49er: How do you think the campus is doing with re-opening since the pandemic?

Conoley: We’ve asked the faculty now to create seating charts, and ask people to sit in the same seat at all times because that will help with contact tracing. For example, if someone’s sitting in the first row on the far right and the person who tests positive for COVID-19 is in the back row on the far left side, then we wouldn’t need to contact the front row telling them they were exposed. But, that will be a new thing Academic Affairs will be doing.

49er: Also, what are you pleased or relieved about?

Conoley: What I’m pleased and relieved about is overwhelmingly there’s been good cooperation and getting the vaccine has given us pretty high percentages across the board especially for students who are coming to campus.

Faculty and unionized numbers are also going up and they have also been given until Wednesday, Oct. 27 to provide evidence of vaccination. We talk to public health almost everyday and tell them when we have cases, they give us advice.

We’re working on this situation constantly whether it’s increased cleanin or increased PPE. Overall, I think we’re doing well and we’re lucky because we’re in a community that has a high vaccination rate.

49er: What did you find disappointing?

Conoley: The unwillingness to accept science and think, “my opinion is more important than science.”

I find that frustrating among college educated people, and those who say, “my opinion is that they haven’t done enough research on this RNA platform.”

Well, that’s a little disappointing. Plus, there’s still people with ideological or political reasons who just don’t see their role in keeping the campus safe where sometimes it’s all about them, and not about the people who are sitting next to them or in the same office as them. But, it takes all kinds of people, and we have a wonderful campus where people are doing their best.

49er: What have been some of the biggest challenges as CSULB president during the pandemic?

Conoley: The hardest thing for me was the level of both complexity and uncertainty because every decision we make will have layers and layers of things to worry about.

When we first announced we were going to close for a few days to get ready for remote teaching because we thought we’d be open in two weeks, and we certainly thought we’d be open by September.

Generally, I learned what people needed to hear was that their health and safety was our top concern and priority.

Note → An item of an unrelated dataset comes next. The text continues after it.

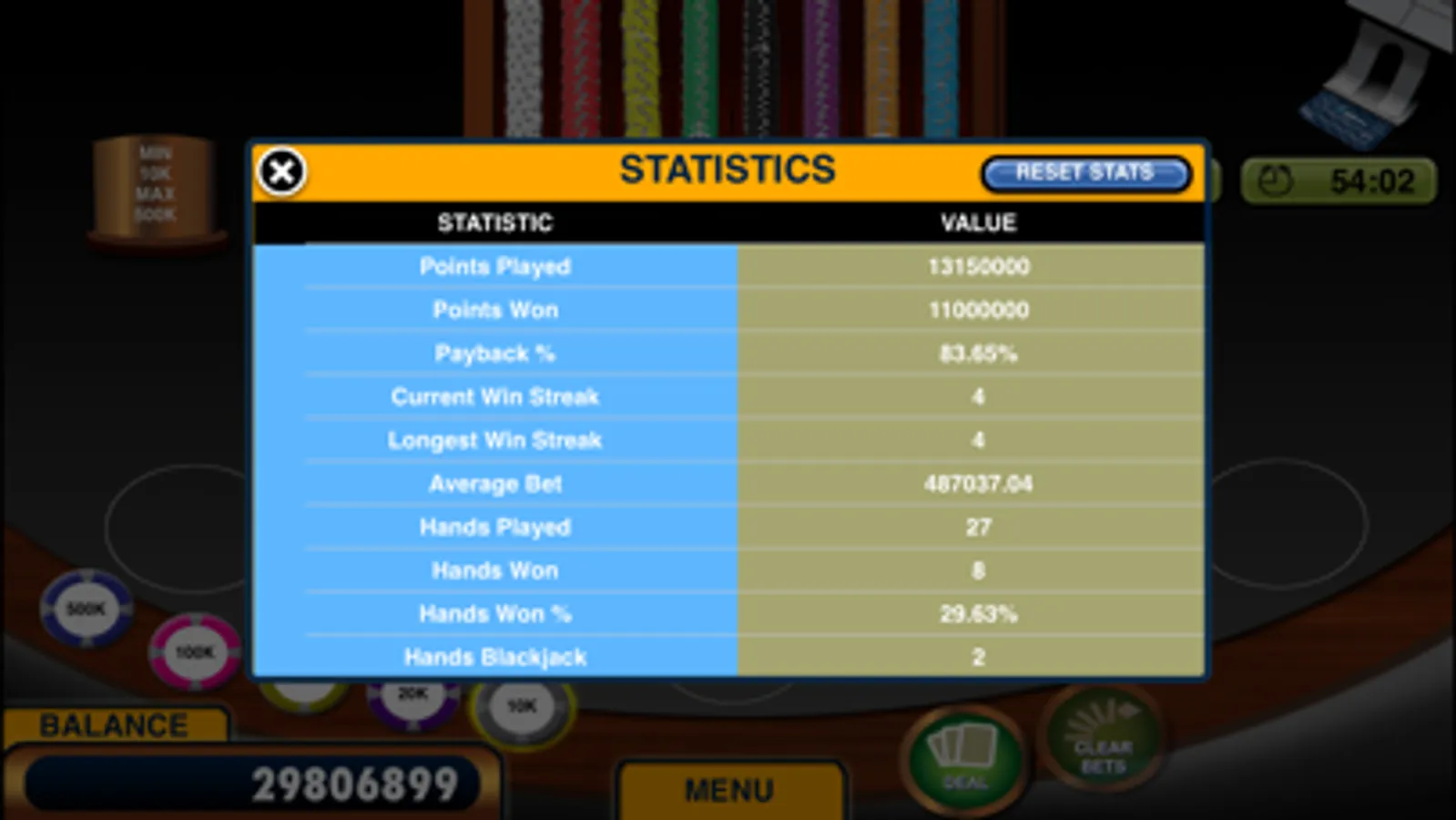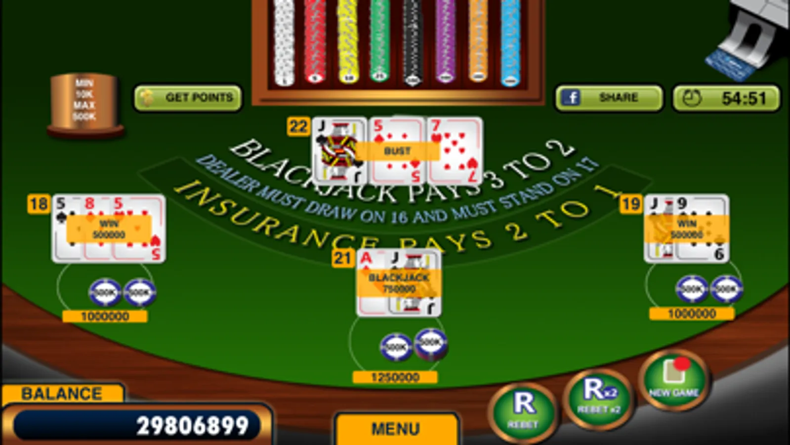 Everything from the rules, to the betting structure and excitement is true-to-life in Blackjack 21 +. Players start with a base stack of cash and play up the limits until they either go bust or sit down to gamble for millions on every hand in this classic casino card game! All normal Blackjack actions such as doubling down, splitting pairs, taking insurance, and more are all included too. To boot, the game allows players to save their gameplay statistics to easily reference how they do against the house in the long run and to help them hone their strategy as they play!

So, the other challenge was making sure I was always authentically communicating to our students to be supported within their education and also wanting them to be healthy by basically doing two things at once.

49er: How confident are you that we’ll finish the fall semester in-person?

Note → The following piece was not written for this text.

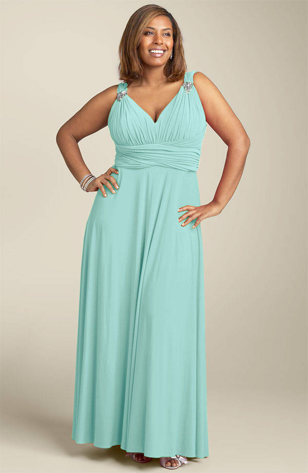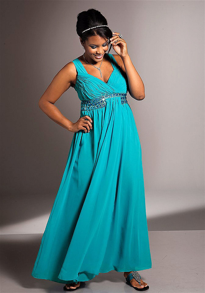 The evening version should emphasize the chest well, and on the skirt should have a free cut, which will allow to veil the excess volume. Long models will visually pull the figure, giving the female silhouette harmony.

Conoley: I’m cautiously optimistic we’ll finish the fall semester because of the high rate of vaccinations among students, faculty and staff members.

Also, we got a suggestion and heard some universities are considering whether or not to go remote after Thanksgiving because we have that week off and people go to different places and even if they’ve been around their close family and friends, it’s still possible to be exposed, so we’re planning to discuss this matter in our agenda on whether or not we think we’re in any danger.

We got that information from one of the chief physicians in the UC system, Dr. Carrie Byington, who has been advising their Chancellors and she has also come to advise the CSU presidents as well since we don’t have our own medical centers.

49er: Do you see the campus going back 100% in person for the spring semester? Why or why not?

Conoley: Yeah, you know, I think we’ll be close to about 90% of the classes to have a face-to-face element because more and more people will be vaccinated and the virus won’t have any place to go.

So it’ll be like managing a regular cold or flu where we’d have to get people to get their flu shots now of course. I’m confident, you know, and I’ve learned to be very humbled in front of the virus because I didn’t really know before all this started about how mutations worked.

The beauty of everybody being vaccinated is it doesn’t give the virus a chance to mutate so it really helps the process slow down.